How Dan Moretti Brings Live Energy to His Online Classrooms

The multi-instrumentalist and composer talks about how creative software and a casual approach are key to helping students find a groove in a remote setting.

August 20, 2020

Most of the conversation since colleges around the world made the shift to remote learning this past spring due to the spread of the novel coronavirus has focused on how to replicate or replace on-campus education. How can students that expected to be in a classroom have their goals met from behind a screen? Berklee President Roger H. Brown has spoken at length about how online education has to provide more than a space for video chat. On the faculty level, multi-instrumentalist and producer Dan Moretti, professor in the Contemporary Writing and Production (CWP) Department, who has taught courses for Berklee Online for the last 15 years, often looked at the topic from the other end, asking himself how online teaching could improve his on-campus teaching.

For a course like Groove Writing, which he authored and has since become part of CWP’s core curriculum, that meant making sure all of his content was user-friendly and stored digitally. So, when it came time for Moretti to move Groove Writing to a remote setting, he says that “the switch wasn’t dramatic. The content was already there—the transition was smooth.”

His main challenges were logistical, such as having students in multiple time zones, or students getting fatigued from all the back-to-back screen time. To address this, Matthew Nicholl, dean of the Professional Writing and Music Technology Division, explained that schedules across the institution will be spread out between 8:00 a.m. to 10:00 p.m.

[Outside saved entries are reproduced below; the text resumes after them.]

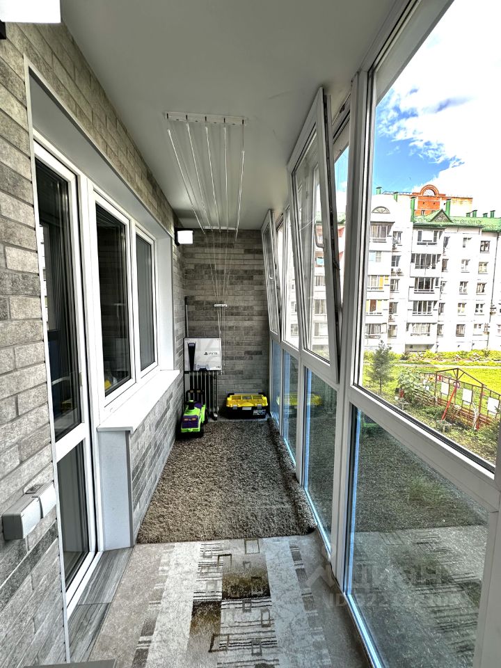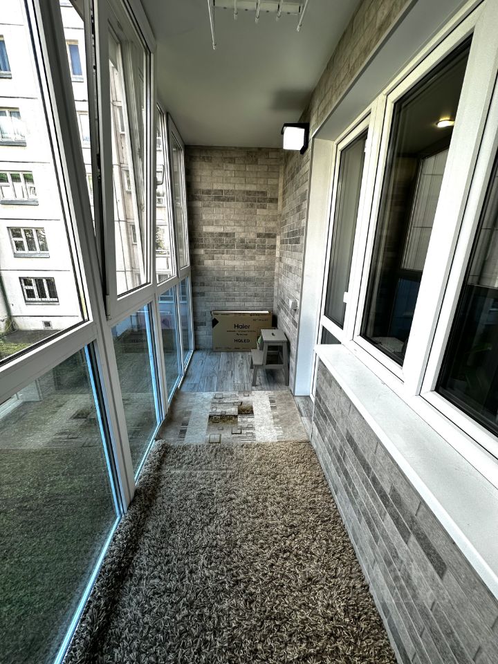Балкон с французским остеклением. Выполнена отделка изнутри, заведено электричество. Оборудовано место для отдыха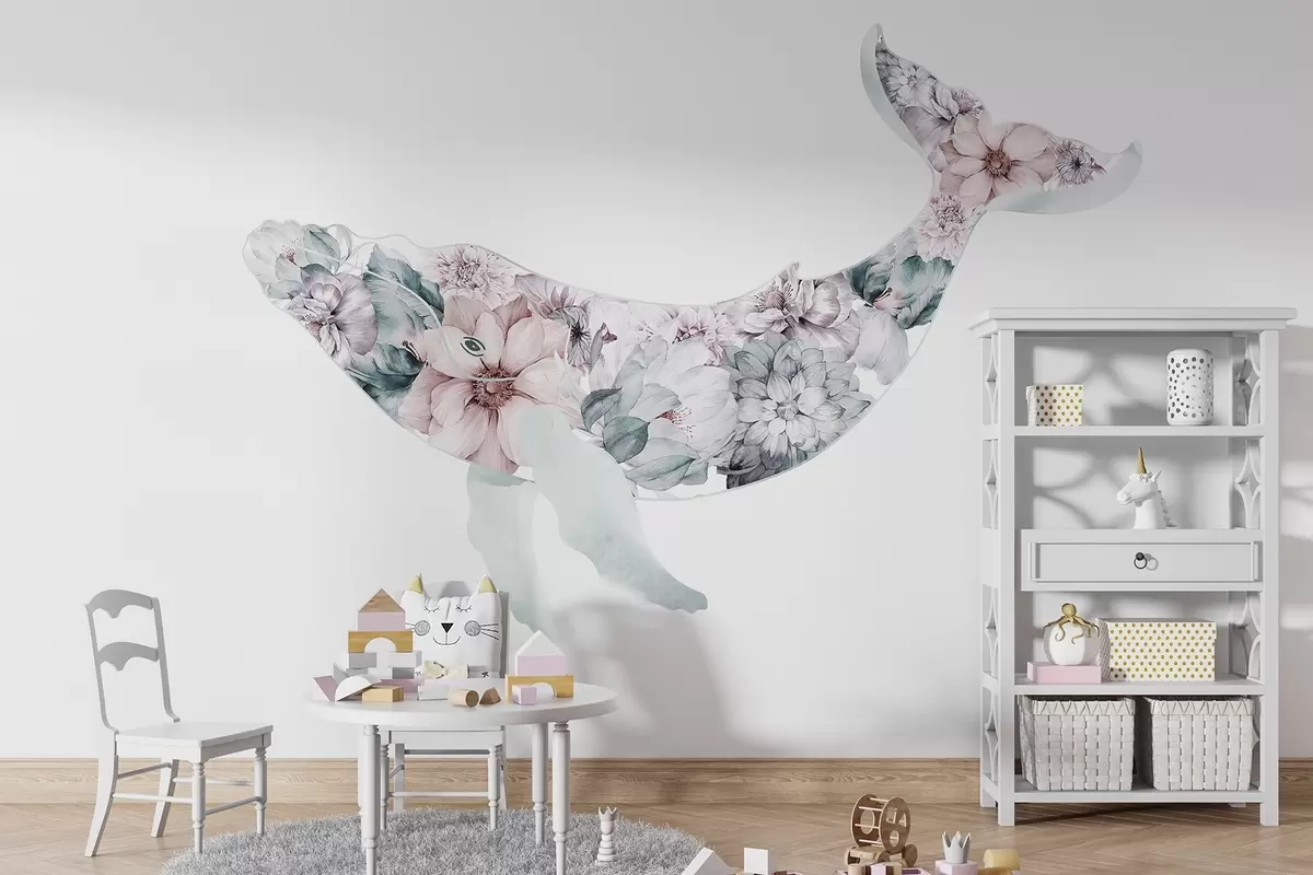 Fototapetai Gražus banginis su akvarelinėmis gėlėmis, jūros gyvūnai Nr. w03445v1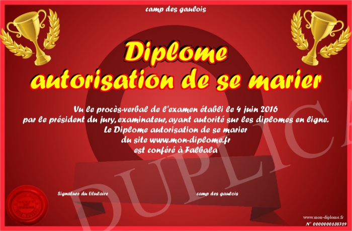 Envoyez par email votre Diplôme autorisation de se marier personalisé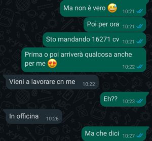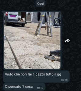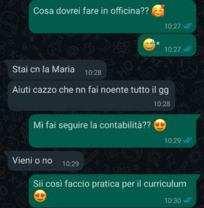 Da quando mi sono laureata sto cercando lavoro, perché voglio andarmene, ma non è facile lo ammetto, e ho diversi momenti di sconforto. Poi lui mi ha scritto proponendomi di andare a lavorare nella sua officina e ci ho sperato. Mi sono detta: “magari vuole davvero darmi una mano, magari mi fa fare qualcosa di utile, così metto un piede nel mondo del lavoro e faccio pratica”. Ero persino entusiasta. Ma quello che mi sono trovata davanti non era affatto quello che immaginavo. Il tono, le parole, l’atteggiamento… Quello che per lui è un’“occasione” per me era solo una presa in giro, e quello che per me era un aiuto, per lui si è trasformato nell’ennesima occasione per sminuirmi, offendermi e farmi sentire un peso.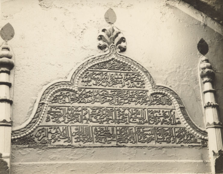 Aa masjid na chawk ni mehraabo che jeni upar ni paali par Saiyedna Fakhruddin Saheb ye Arabi ma "Khair ul-Anaam" ni bait tehreer farmaawi hati. Mehraab ne paachal je 2 pillars nazar aawe che te masjid na che ane te par parda latkaawela che. Aa parda ne paachal qiblo che. |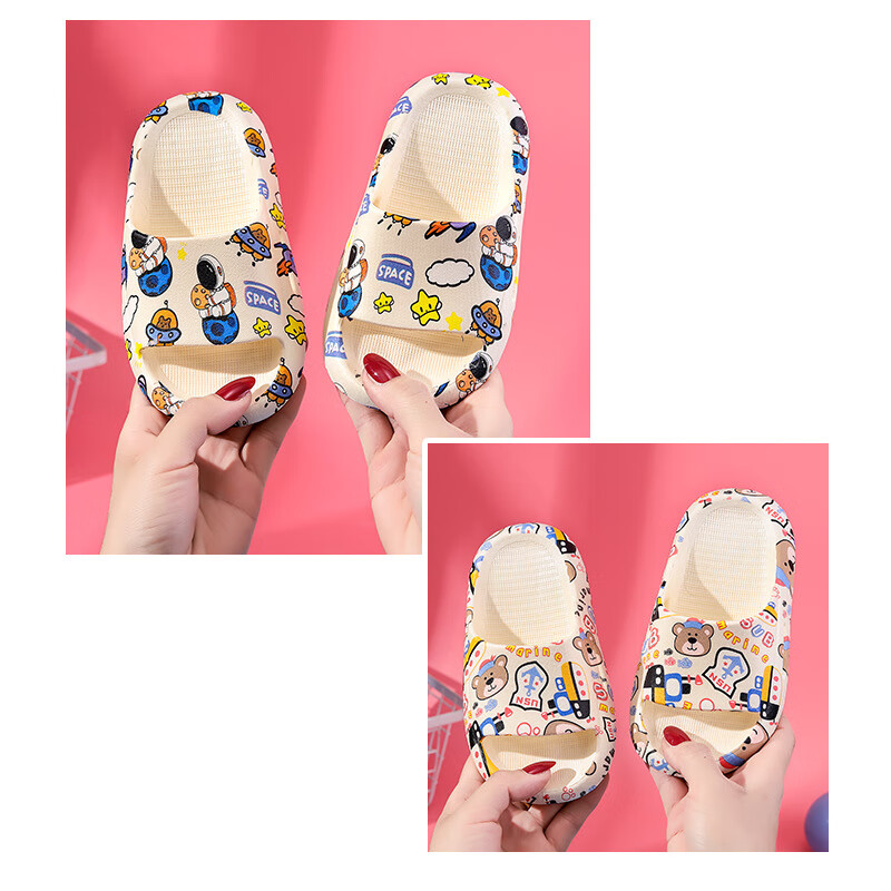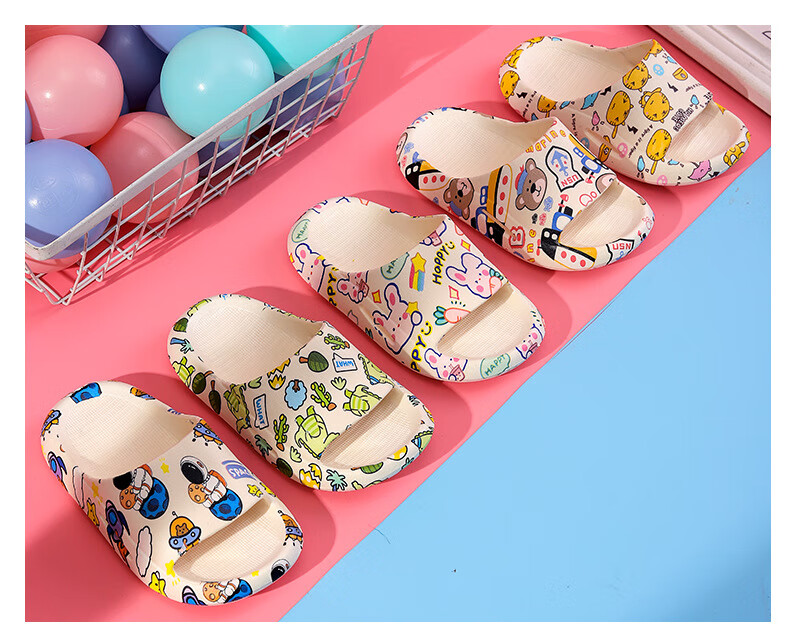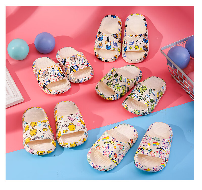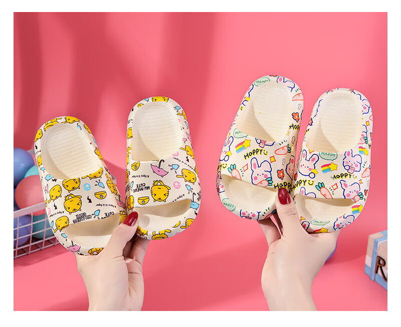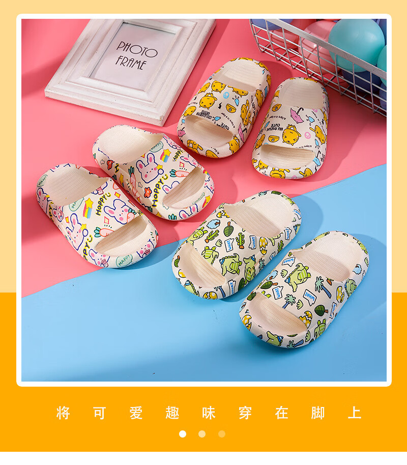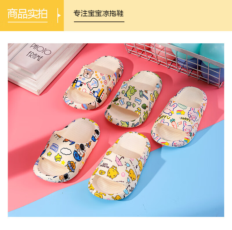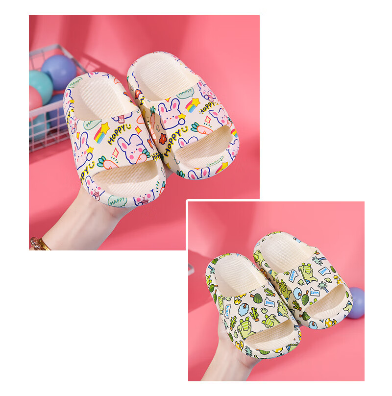 Cartoon printed children's slippers summer household soft-soled baby girl's slippers bathroom PVC boys' slippers comfortable pink bunny 26-27 (foot length 160mm)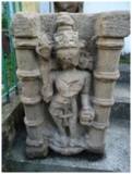 | Description / विवरण | Two armed image of unidentified in sand stone. Standing posture. A demon seen below lying down. |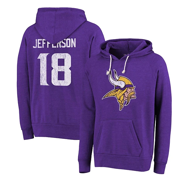 Majestic Threads pour hommes Justin Jefferson Violet Minnesota Vikings Nom et numéro Tri-Blend Pull à capuche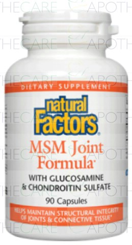 Feature: MSM Joint Formula is a synergistic blend of naturally-derived compounds; MSM, Glucosamine and Chondroitin Sulfates which support healthy joint function.* Glucosamine and Chondroitin provide support for the cartilage while MSM (Methyl-sulfonyl-methane) provides the body with a bioavailable form of organic sulfur. Taken together, these three nutrients provide triple joint support for healthy mobility.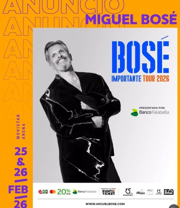 El cantante español Miguel Bosé confirmó su esperado regreso a Chile con su gira «Importante Tour», que lo llevará al Movistar Arena los días 25 y 26 de febrero de 2026.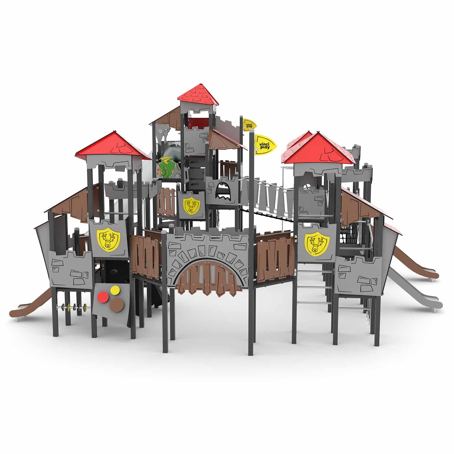 De Castillo-serie bestaat uit een indrukwekkende serie speelcombinaties in Kasteelthema. Door de sprookjesachtig vormgegeven speeltoestellen kan rollenspel tot ware kunst verheven worden. Daarnaast raak je niet uitgespeeld door de vele manipulatieve elementen die in de producten verwerkt zijn. Binnen de serie is er niet bespaard op kwaliteit. Hoogwaardige verzinkte stalen staanders met coating vormen de stabiele basis, plaatwerk is vervaardigd uit hoogwaardig HDPE en HPL kunststof en bruggen en klimnetten zijn van staalversterkt touwwerk. Met torens tot wel 9.00 meter hoog kan er op verschillende niveaus worden gespeeld en zijn de RVS buisglijbanen een regelrechte hit!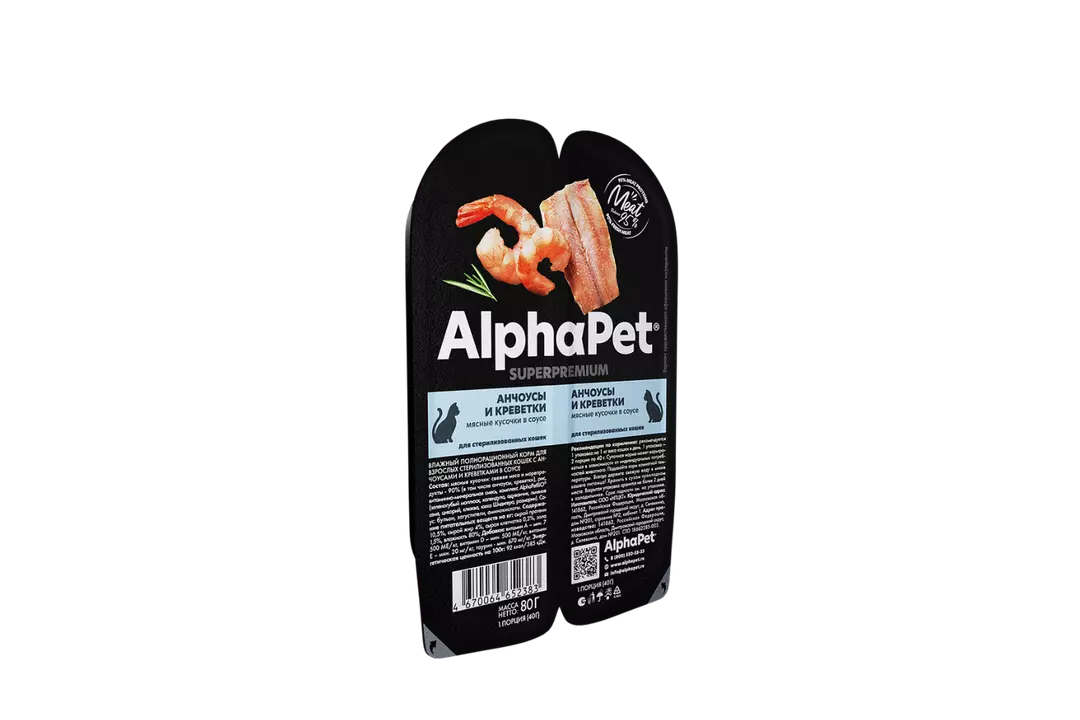 ALPHAPET Adult Sterilised Корм влаж.анчоусы,креветки д/стерилизованных кошек лам.80г / Супермаркет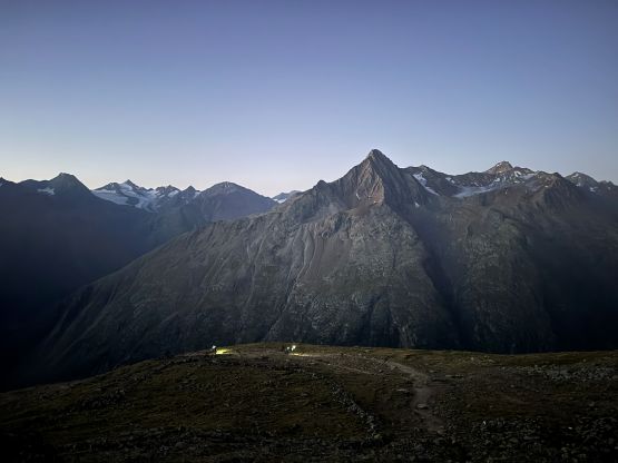 There was a week-long weather window allowing us to choose some of the bigger objectives and the plan was to do Wildspitze the day after Hoher Dachstein. This required more than 6 hours of driving. Google Map directed us through Salzburg and part of the southern Germany before going south towards Innsbruck. The traffic situation wasn’t too bad except for the area around Salzburg, but this detour into Germany did add some time. We eventually turned onto the smaller roads heading towards the village of Vent, and we did find a perfect camping spot on a spur road about 10 minutes from Vent. The next morning we woke up at around 2:30 am as I was concerned about the condition on the glacier due to the heat wave. I also noticed a trail heading up from Rofen a few kilometers farther up the road than Vent, so we drove there to start the day. The parking area was very limited but we did get the vehicle parked, and the trail did appear to be “reasonable”. This way we would shorten the elevation gain by more than 100 m.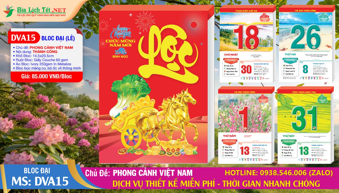 – Bloc đại 14.5×20.5 gắn được bìa lịch đại 40×60, bìa đại lỡ 34x60cm, bìa lò xo giữa 37x70cm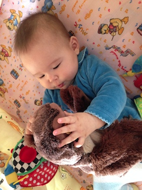 В свои 5 и 5 мы так и находимся в серединке норм развития - и не торопимся, и не сильно тормозим вроде. Через левый бок на живот - раз плюнуть. Через правый - никак. С живота на спину - не всегда получается, но стараемся отклячивать подальше пятую точку, чтобы получилось, бывает удается. Ползти - пока тока назад немного, после длительного усиленного отклячивания той самой точки. Руки работают слаженно и активно - все появляющееся в зоне видимости и доступности хватается и изучается с насупленными бровями. Примерно так.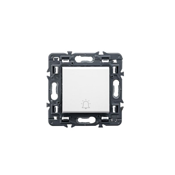 Pulsador con símbolo de campana 6 A – 230 V~ – Bornes automáticos – Blanco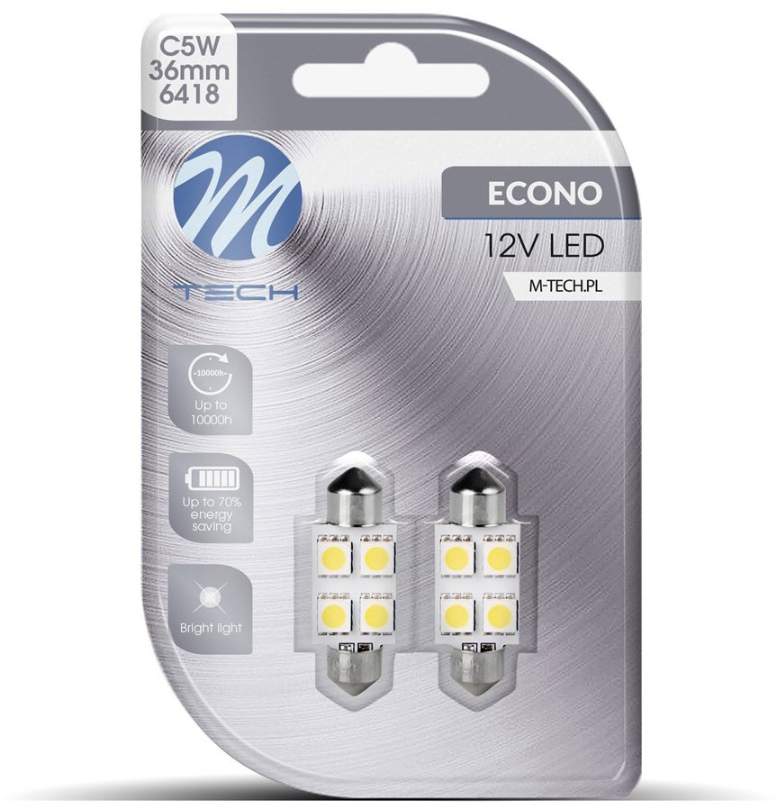 LED autožiarovka C5W – pätica SV8.5, na osvetlenie EČV, osvetlenie interiéru a osvetlenie kufra, výkon 0,73 W, napätie 12 V, svetelný tok 50 lm, 4 LED žiarovky, biela farba svetla, 2 autožiarovky v balení, off-road použitie, výbojka nemá homologizáciu na použitie na pozemnej komunikácii LED žiarovka do auta M-Tech s výkonom 0,73 W sa hodí ako náhrada obyčajnej žiarovky a využijete ju najmä na osvetlenie EČV, osvetlenie interiéru a osvetlenie kufra. Oproti klasickej halogénovej žiarov

“I really believe there’s an opportunity to be more connected to your students than you were in a live situation.”

—Dan Moretti

The expanded schedule relieves pressure on the students, allowing the faculty to focus on building community, which Moretti sees more as an opportunity than a challenge, an opinion based on what he's observed teaching Berklee Online courses such as the award-winning Arranging: Contemporary Styles. “I really believe there’s an opportunity to be more connected to your students than you were in a live situation,” Moretti said. “You tend to take ‘live’ for granted. Being online, you have to make more of an effort to connect.”

To find those points of connection, Moretti, who also teaches classes for the Ensemble Department, makes sure his use of technology is as interactive as possible. That can be as simple as using breakout rooms in a Zoom call to allow for small groups to work on projects in real time, or using more specialized software such as Soundslice, which enables ensemble students to work simultaneously with video performances and its corresponding sheet music in a customizable way.

Watch Dan Moretti narrate a quick demo of how he uses Soundslice to help engage students remotely:

Moretti said that his ultimate goal is to “create the feeling of being live in the virtual world.” In one sense, that means finding ways to replicate the personal connection a student might feel talking to a professor after class or in their office hours. To help make up for that loss, Moretti has made space for casual conversation at the beginning of each class, helping everyone ease into a comfortable rhythm and set the tone for an overall more open and interactive class session.

But “being live” also has a distinctly musical connotation too: live performance. In Moretti’s work with ensembles, his emphasis on openness has created a space where student performers feel free to express themselves. Take his funky Music of the Crusaders ensemble, for example, where the rigidity and awkwardness one might expect from a video call is replaced by effortless groove:

Thinking ahead to the fall, Moretti said he “wants students to have the confidence to understand that everyone at Berklee is going to bat to make these courses great for learning, but is also trying to make it enjoyable and interactive.” That team approach has convinced him that, as he said, “the outcome is going to be as good or better as if they’re on campus.”